Neutrons are highly penetrating because they don’t interact electrodynamically and can radiologically activate elements within the body into unstable isotopes, such that even isotopes emitting alpha particles (which are essentially harmless outside the body as they are stopped by the epidermis layer) can do internal damage resulting in genetic damage, cancer, or at high enough levels radiation sickness leading to systemic organ failure as evidence by the horrific death of Hisashi Ouchi.

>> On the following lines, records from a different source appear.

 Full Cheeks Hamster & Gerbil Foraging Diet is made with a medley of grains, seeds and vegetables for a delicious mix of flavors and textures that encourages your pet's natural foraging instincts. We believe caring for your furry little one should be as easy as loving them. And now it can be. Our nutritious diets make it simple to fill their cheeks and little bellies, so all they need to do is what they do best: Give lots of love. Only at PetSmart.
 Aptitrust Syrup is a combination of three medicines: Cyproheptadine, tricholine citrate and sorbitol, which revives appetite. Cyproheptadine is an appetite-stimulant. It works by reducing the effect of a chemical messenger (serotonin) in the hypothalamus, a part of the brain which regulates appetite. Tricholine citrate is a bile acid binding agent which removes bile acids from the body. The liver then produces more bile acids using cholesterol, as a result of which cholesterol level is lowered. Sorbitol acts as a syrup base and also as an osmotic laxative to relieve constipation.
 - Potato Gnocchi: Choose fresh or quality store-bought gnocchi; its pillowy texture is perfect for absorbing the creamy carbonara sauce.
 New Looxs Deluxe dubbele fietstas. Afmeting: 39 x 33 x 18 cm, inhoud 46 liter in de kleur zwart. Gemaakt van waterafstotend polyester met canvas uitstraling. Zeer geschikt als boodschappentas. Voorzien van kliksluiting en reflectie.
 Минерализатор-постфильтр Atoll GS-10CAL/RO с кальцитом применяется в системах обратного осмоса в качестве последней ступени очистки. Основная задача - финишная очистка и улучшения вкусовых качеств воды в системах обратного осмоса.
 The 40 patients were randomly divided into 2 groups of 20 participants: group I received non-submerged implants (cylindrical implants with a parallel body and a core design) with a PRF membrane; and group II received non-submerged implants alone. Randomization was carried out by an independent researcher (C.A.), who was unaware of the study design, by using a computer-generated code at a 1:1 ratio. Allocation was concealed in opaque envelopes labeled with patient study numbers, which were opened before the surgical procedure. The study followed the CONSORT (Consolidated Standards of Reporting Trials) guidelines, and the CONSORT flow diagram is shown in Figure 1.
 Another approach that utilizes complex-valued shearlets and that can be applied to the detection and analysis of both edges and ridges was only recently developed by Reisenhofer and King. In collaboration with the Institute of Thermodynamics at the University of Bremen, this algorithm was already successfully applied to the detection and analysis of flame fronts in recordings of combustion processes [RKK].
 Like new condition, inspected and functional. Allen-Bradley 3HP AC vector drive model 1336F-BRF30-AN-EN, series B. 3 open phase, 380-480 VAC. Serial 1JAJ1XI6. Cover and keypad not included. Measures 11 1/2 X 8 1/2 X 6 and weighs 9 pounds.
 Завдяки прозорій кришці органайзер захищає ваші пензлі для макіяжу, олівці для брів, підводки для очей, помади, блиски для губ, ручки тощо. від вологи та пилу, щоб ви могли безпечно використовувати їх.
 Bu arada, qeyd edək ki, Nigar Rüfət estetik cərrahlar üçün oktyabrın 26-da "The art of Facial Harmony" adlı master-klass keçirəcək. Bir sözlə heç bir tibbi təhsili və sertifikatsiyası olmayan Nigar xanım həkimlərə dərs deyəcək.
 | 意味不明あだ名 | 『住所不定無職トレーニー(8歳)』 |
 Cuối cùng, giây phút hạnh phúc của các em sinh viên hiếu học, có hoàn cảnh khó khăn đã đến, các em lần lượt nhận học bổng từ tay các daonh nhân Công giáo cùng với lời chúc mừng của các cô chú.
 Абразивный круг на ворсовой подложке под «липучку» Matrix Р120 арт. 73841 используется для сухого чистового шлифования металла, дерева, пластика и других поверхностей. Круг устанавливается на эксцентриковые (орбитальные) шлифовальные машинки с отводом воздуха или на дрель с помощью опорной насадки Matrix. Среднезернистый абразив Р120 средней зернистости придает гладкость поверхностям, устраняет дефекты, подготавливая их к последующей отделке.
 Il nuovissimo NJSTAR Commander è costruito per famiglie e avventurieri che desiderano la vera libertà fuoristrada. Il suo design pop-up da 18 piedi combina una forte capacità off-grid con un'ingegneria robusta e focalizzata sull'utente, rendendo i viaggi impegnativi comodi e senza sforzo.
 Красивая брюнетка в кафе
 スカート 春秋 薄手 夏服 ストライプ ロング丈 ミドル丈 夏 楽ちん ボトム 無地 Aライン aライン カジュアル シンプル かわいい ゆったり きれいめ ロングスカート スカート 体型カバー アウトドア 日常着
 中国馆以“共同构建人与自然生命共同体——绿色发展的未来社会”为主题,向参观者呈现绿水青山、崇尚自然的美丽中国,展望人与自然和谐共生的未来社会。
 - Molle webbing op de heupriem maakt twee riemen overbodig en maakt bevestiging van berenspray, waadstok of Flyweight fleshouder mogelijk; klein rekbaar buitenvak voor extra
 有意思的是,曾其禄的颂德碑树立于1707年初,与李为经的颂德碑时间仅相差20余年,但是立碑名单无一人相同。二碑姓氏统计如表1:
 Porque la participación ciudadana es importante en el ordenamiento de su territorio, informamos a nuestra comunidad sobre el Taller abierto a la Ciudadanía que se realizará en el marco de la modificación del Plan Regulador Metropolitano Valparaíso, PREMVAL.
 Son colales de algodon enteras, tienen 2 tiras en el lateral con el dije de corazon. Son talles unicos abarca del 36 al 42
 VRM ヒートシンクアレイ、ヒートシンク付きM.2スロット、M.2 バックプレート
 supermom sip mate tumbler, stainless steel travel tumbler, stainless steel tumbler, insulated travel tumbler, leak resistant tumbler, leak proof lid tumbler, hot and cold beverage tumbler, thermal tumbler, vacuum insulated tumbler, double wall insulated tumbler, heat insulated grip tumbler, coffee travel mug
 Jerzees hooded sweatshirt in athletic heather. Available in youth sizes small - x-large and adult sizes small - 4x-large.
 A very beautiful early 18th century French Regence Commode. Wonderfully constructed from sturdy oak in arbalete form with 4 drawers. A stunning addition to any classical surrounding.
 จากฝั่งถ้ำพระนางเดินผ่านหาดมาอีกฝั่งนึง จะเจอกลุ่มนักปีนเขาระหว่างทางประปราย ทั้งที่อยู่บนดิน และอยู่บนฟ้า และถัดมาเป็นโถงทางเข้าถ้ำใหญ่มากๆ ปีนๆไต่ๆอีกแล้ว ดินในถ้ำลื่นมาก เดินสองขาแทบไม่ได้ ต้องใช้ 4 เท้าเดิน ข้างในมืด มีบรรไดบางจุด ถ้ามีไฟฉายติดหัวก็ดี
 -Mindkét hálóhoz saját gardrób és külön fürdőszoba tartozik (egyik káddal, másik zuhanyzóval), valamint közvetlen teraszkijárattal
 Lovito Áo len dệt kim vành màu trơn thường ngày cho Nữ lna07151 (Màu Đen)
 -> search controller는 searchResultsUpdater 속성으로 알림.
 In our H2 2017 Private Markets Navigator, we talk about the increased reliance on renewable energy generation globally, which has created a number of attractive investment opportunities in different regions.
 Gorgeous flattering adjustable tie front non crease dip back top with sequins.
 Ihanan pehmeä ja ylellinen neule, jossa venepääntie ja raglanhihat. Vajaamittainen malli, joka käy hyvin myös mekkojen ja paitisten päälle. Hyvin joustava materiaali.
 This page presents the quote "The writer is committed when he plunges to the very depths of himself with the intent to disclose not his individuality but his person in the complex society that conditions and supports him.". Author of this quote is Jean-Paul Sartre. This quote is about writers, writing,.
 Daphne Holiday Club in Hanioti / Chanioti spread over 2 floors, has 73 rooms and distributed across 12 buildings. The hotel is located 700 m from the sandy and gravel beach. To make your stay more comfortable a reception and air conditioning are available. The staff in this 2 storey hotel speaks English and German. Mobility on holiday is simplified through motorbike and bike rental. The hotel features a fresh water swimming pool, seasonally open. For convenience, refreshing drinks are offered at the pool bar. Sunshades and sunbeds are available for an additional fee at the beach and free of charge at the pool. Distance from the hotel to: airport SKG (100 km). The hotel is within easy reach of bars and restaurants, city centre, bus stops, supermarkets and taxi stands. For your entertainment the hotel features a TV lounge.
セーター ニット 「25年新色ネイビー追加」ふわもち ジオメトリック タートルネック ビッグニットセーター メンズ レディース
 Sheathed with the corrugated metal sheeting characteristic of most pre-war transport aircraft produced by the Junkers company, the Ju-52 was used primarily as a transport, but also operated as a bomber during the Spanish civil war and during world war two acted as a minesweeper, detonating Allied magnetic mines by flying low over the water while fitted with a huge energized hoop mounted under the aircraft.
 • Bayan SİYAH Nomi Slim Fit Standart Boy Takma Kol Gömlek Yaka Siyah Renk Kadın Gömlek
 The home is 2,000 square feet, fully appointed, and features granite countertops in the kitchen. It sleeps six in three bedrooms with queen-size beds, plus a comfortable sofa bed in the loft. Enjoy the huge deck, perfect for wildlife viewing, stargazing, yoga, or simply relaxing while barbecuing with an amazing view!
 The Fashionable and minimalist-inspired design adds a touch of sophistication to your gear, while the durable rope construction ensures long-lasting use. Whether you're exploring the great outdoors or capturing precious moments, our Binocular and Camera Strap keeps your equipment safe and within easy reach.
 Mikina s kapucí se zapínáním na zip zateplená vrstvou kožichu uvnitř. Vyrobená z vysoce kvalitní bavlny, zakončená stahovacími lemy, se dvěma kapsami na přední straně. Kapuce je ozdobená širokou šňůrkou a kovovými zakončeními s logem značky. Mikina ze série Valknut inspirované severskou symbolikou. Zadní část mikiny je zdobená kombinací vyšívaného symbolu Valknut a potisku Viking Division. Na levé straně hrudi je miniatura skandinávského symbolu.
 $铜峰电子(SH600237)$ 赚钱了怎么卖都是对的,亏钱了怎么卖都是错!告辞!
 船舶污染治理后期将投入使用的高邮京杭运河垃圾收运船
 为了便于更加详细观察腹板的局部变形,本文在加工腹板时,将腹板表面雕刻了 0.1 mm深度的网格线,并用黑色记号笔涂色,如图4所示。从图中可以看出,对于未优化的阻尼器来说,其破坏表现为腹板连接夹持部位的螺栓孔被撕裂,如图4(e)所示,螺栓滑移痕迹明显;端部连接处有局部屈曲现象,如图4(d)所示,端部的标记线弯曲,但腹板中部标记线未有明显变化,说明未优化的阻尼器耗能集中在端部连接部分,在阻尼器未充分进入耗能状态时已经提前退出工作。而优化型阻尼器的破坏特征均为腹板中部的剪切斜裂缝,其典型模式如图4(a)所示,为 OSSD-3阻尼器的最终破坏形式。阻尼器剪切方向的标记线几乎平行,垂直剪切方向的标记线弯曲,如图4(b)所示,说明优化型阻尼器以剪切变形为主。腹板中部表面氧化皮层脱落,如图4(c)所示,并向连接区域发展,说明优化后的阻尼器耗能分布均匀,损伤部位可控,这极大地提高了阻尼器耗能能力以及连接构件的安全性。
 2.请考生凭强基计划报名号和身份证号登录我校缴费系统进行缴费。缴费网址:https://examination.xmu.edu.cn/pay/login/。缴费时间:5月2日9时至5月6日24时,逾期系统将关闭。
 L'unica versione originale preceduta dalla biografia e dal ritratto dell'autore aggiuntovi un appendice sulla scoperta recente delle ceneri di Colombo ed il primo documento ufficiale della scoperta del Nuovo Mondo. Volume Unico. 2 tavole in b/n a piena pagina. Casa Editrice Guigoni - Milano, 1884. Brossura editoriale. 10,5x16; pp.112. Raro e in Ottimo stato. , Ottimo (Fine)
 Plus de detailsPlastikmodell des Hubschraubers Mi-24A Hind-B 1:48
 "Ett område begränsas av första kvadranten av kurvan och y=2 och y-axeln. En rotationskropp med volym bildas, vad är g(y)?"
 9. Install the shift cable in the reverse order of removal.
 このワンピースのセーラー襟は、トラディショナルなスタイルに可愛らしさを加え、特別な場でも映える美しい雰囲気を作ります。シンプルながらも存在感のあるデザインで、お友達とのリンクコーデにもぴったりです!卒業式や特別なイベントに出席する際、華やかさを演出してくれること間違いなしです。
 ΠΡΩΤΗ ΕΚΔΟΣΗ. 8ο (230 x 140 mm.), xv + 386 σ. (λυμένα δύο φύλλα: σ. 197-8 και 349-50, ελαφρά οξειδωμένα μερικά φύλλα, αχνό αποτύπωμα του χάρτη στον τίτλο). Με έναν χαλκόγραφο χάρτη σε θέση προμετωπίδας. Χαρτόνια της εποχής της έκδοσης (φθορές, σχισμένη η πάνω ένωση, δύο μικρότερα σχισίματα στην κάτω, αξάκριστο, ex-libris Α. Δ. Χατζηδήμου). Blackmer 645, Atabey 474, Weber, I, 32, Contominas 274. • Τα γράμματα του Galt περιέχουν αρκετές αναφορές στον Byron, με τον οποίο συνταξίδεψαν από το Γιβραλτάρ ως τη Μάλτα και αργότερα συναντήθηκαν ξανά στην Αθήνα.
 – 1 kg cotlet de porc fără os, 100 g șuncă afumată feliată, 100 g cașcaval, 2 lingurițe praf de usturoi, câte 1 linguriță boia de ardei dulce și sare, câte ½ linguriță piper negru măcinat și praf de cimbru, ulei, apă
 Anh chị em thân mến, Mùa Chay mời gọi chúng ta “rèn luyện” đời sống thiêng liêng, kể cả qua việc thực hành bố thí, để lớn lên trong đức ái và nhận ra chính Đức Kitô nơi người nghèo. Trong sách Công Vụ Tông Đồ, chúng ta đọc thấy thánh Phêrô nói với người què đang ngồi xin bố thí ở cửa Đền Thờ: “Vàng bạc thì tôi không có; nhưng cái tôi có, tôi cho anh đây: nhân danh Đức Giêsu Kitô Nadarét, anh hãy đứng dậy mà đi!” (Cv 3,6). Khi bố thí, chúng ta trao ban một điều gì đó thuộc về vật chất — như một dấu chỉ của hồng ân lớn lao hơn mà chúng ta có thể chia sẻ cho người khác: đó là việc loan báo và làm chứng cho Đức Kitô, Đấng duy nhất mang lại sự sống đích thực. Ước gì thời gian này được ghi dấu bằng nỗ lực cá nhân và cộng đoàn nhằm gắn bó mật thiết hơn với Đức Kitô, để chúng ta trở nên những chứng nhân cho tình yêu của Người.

Those high energy neutrons are problematic in all sorts of ways. They have to be contained so that the energy can be extracted. But neutron bombarding is really disruptive to the containing material. Neutrons can be captured by a nucleus, which will change the isotope and may change the element via neutron capture and beta decay. This may negatively impact the structural strength of the containment. Neutrons can also dislocate atoms in the containment, again affecting structural strength and possibly storing energy in the material (Wigner effect). This energy may need to be released by annealing, but again, this may have implications for the structural strength of the containment. Finally, a free neutron that is slowed down in the containment without capture will decay into a proton and a beta particle (electron). This will contaminate the containment with hydrogen, which affects structural strength.
Getting fusion going and sustained is just one problem to solve - actually extracting the energy and designing containment to do so safely and sustainably is another problem looking for solutions.
IIRC, this was one of the criticisms of “cold fusion”. The experimenters claimed to be seeing excess heat they attributed to D-D fusion - heavy water electrolyzed to D and O and the D was infusing the metal lattice, hence being forced together by the characteristics of the metal lattice. However, there was no measurable neutron emissions consistent with the alleged energy, so unlikely (impossible) D-D fusion was happening.
Because they have no charge, neutrons are less influenced by the materials they pass through, are harder to stop (by colliding with atomic nuclei) and so penetrate further. Collisions can cause some atoms to split or absorb the neutron, thus creating other elements (split) or isotopes (extra neutron) that may be unstable and so radioactive.
Castle Bravo proved that 7Li fuses extravagantly under proton (free hydrogen nucleus) bombardment into a bunch of useless 4He and a crapton of energy. Not applicable here, but nice to cheaply boost a thermonuclear weapon.